Energetics of spin-state transitions in LaCoO3:
DFT+DMFT and DFT+U study
Hyowon Park
(University of Illinois at Chicago & Argonne National Laboratory)
Strongly correlated materials exhibit novel properties due to the close interplay amongst
their spin, orbital, charge, and lattice degrees of freedom. Theoretical description of
these materials often requires the proper treatment of dynamical correlation effects
beyond the first-principles calculation based on density functional theory (DFT). In this
talk, I will show that density functional theory plus dynamical mean field theory
(DFT+DMFT) can be a powerful method for studying the energetics of strongly
correlated materials by applying it to the energetics calculation of the spin-state
transition in LaCoO3. We have computed the DFT+DMFT energies for various spin
states including low spin (LS), high spin (HS), and 1:1 mixed LS-HS states, and found
that the mixed HS-LS state becomes energetically stable slightly above the groundstate LS state.
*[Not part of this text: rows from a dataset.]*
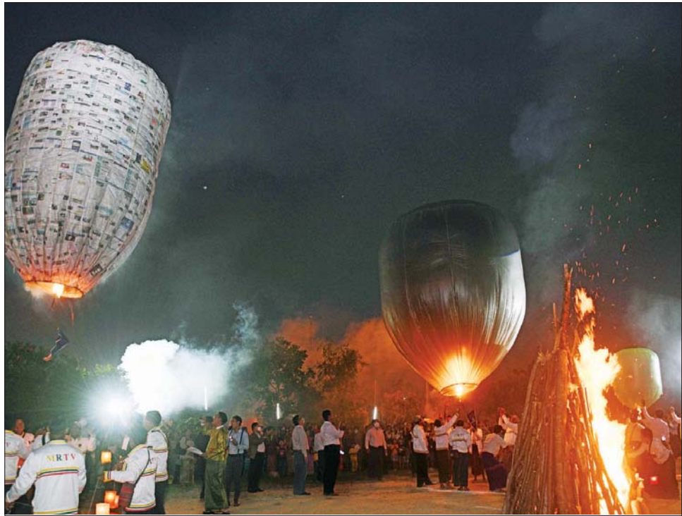
မြန်မာ့အသံနှင့်ရုပ်မြင်သံကြား ဝန်ထမ်းမိသားစုများ၏ တန်ဆောင်တိုင်ပွဲတော် စည်ကားစွာ ကျင်းပနေမှုကို တွေ့ရစဉ်။
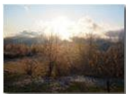
Tramonto e galaverna a Montemaggio

Guido Marcheselli - Olympus OM-D E-M10 Mark III 2020 - Inverno - Savignone - Panorami
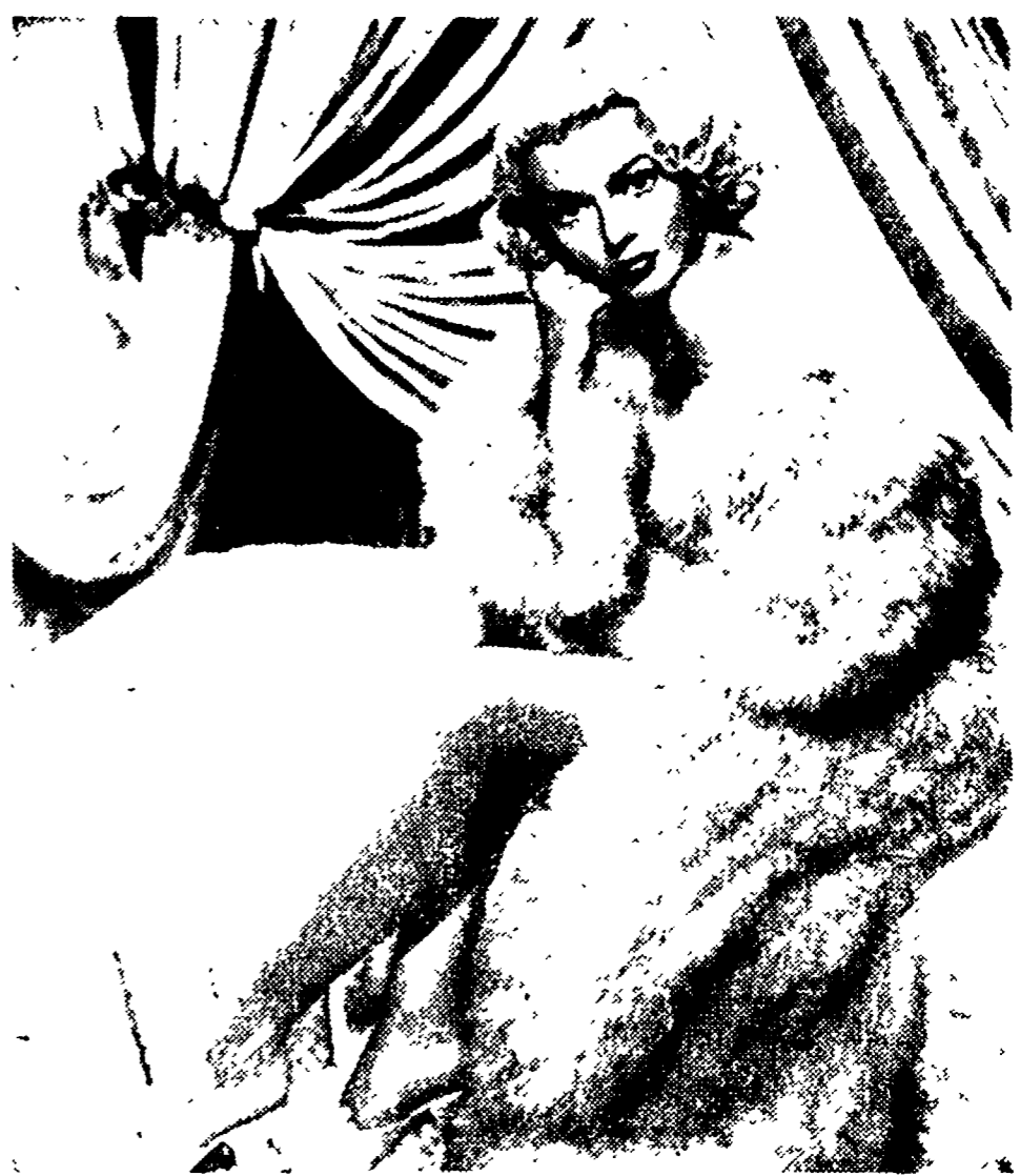
Lana in un film di alcuni anni orsono: l'attrice era allora nel suo pieno splendore. Con l'interpretazione dei «Peccatori di Peyton», ha sfiorato l'Oscar e pareva che per lei stesse per schiudersi una nuova splendida stagione. Le perdoneremo i magnati di Hollywood il recente scandalo?

La morte di Dragna segnò la definitiva affermazione del piccolo Mickey. Un ragazzo neorichiese (è nato nel 1911 a Brownsville, Brooklyn) divenne un personaggio splendido. Fu visto girare a bordo di una Cadillac trasformabile color pastello, uno stecchino d'argento stretto in mano, i capelli impannocciati in abiti di gabbardine lilla o giallo d'uovo, sorridente e sicuro. Gli affari andavano bene. Mickey oggi è considerato uno dei padroni di Hollywood.
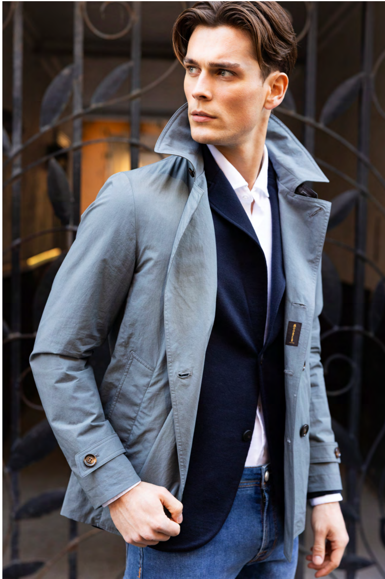
Moorer Jakke 8.600 kr.
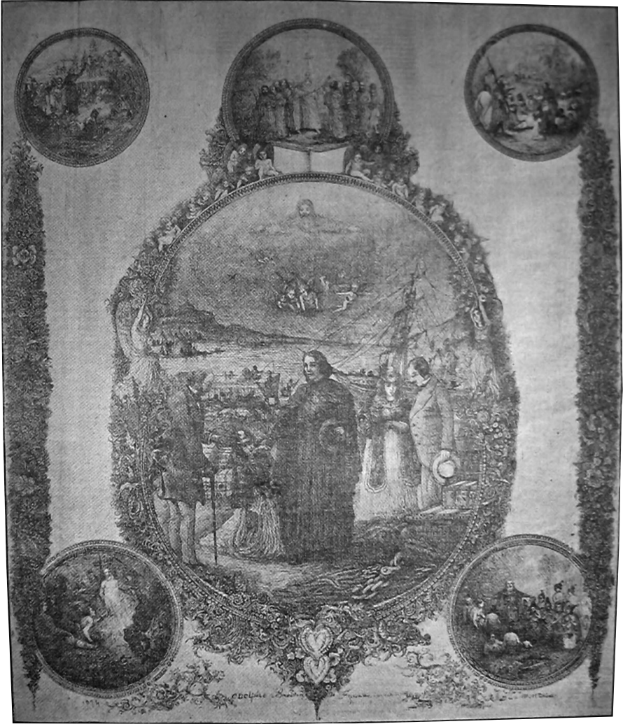
La Prédication apostolique dans les différentes parties du monde , 1874, lithographie reproduite dans La Presse , 28 octobre 1905, p. 5.
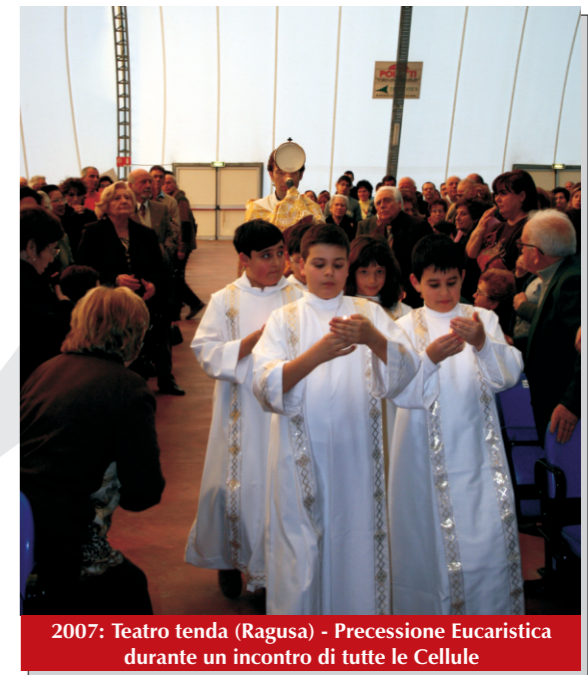
2007: Teatro tenda (Ragusa) - Precessione Eucaristica durante un incontro di tutte le Cellule
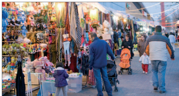
Mercadillo instalado en la estación de Cercanías Getafe Centro.
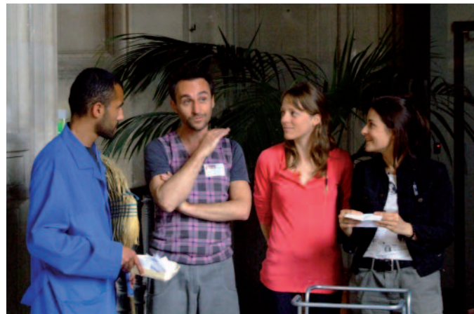
La restitution des connaissances acquises par les joueurs lors de la grande scène finale.

Lors de la scène finale, les joueurs font face à la Grande Z, M. Picard et la Directrice de l'UPN. Cette dernière leur raconte la genèse et les objectifs de cette université parallèle : former les meilleurs étudiants qui soient pour en faire des inventeurs de génie dont l'inspiration se nourrirait des inventions passées. Chaque équipe est appelée à la barre d'un tribunal pour répondre à l'ultime énigme : restituer leur parcours de jeu en résumant le lien entre l'objet contemporain (l'objet cible) et l'un des objets ancêtres (objets intermédiaires). Chacun doit enfin argumenter son désir d'intégrer l'UPN. La directrice est seule juge d'admettre ou non les différents candidats à l'université, après avoir pris conseils et avis auprès de la Grande Z. Avant que tout le monde ne se sépare, la Directrice fait prêter serment à tous les joueurs de ne jamais dévoiler le secret de l'UPN et d'utiliser la
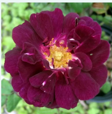
Nuits de Young

rosa - historisch, alba-rose 140-200 cm sehr stark, lang anhaltend duftende rose - duftbeschreibung nicht verfügbar James Booth
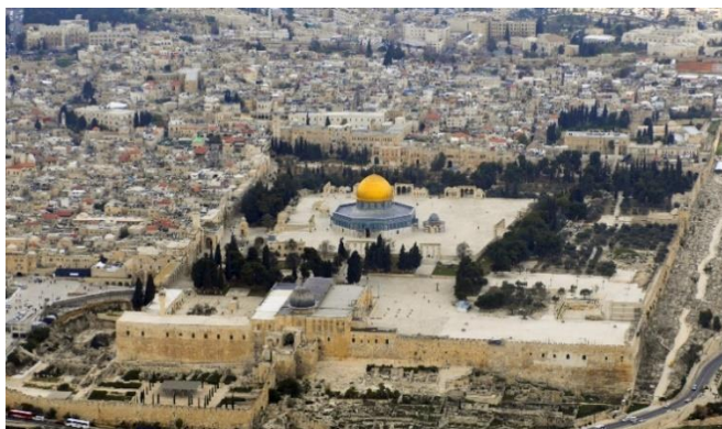
Temple_Mount-Aerial view 2007 from south. 2007 : Vue aérienne du Mont du Temple coté sud.

Comment les monothéismes se sont-ils installés et développés dans cette ville-miroir de l'histoire des mondes qu'est Jérusalem ?
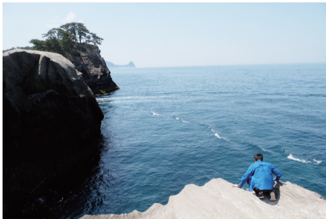
堂岛美丽的沿海地貌
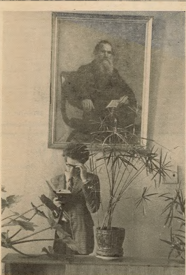
Зазірнем яшчэ раз у падручнік...
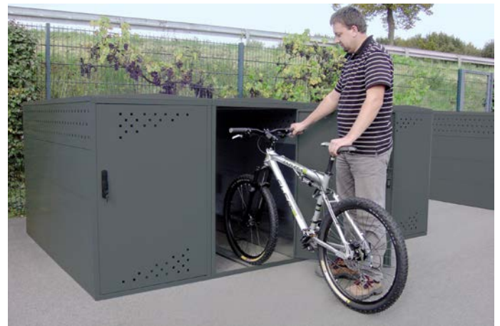
▲ M1 mit Erweiterungsmodul M1.1 mit Seitenwand

(nur in Verbindung mit Grundmodul M1 zu verwenden) sonst Ausführung wie Modell M1
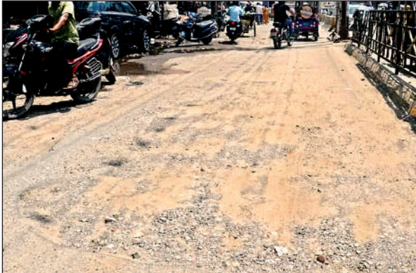
घंटाघर चौराहे से कलक्टरगंज जाने वाली रोड उखड़ गई है।

कानपुर। आजादी का जश्न 15 अगस्त को सभी अफसरों ने धूमधाम से मनाया लेकिन शहरवासी बर्बाद सड़कों से आजादी मिलने की राह देख रहे हैं। महीनों हो गए टूटी सड़कों पर झटके खाते लेकिन सड़कों के भाग्य नहीं जागे। जिन सड़कों पर प्रतिदिन लाखों
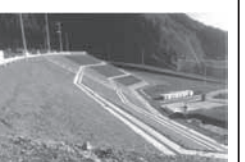
設計監理に携わった 高台造成団地
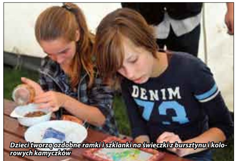
Dzieci tworzą ozdobne ramki i szklanki na świeczki z bursztynu i kolorowych kamyczków
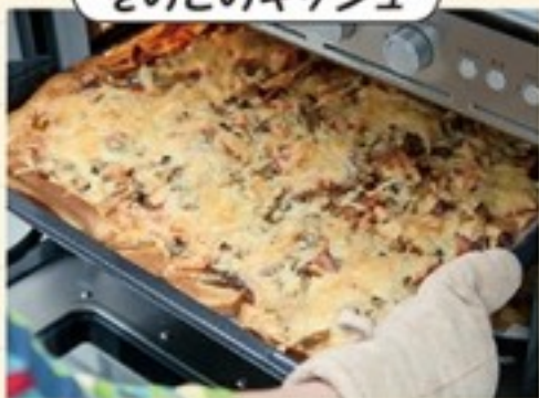
きのこのキッシュ

The mixed spin state is characterized by the combination of a
paramagnetic Mott insulating HS site and a covalently bonded LS site with a charge
imbalance between two sites. DFT+U energetics calculations overestimates the
tendency to higher spin states and the mixed spin state or intermediate spin (IS) state is
wrongly predicted to be the ground state. Finally, we will show that the effects of the
double-counting energy in DFT+DMFT or DFT+U and also the charge self-consistency
can strongly affect the energetics of the spin-state transitions.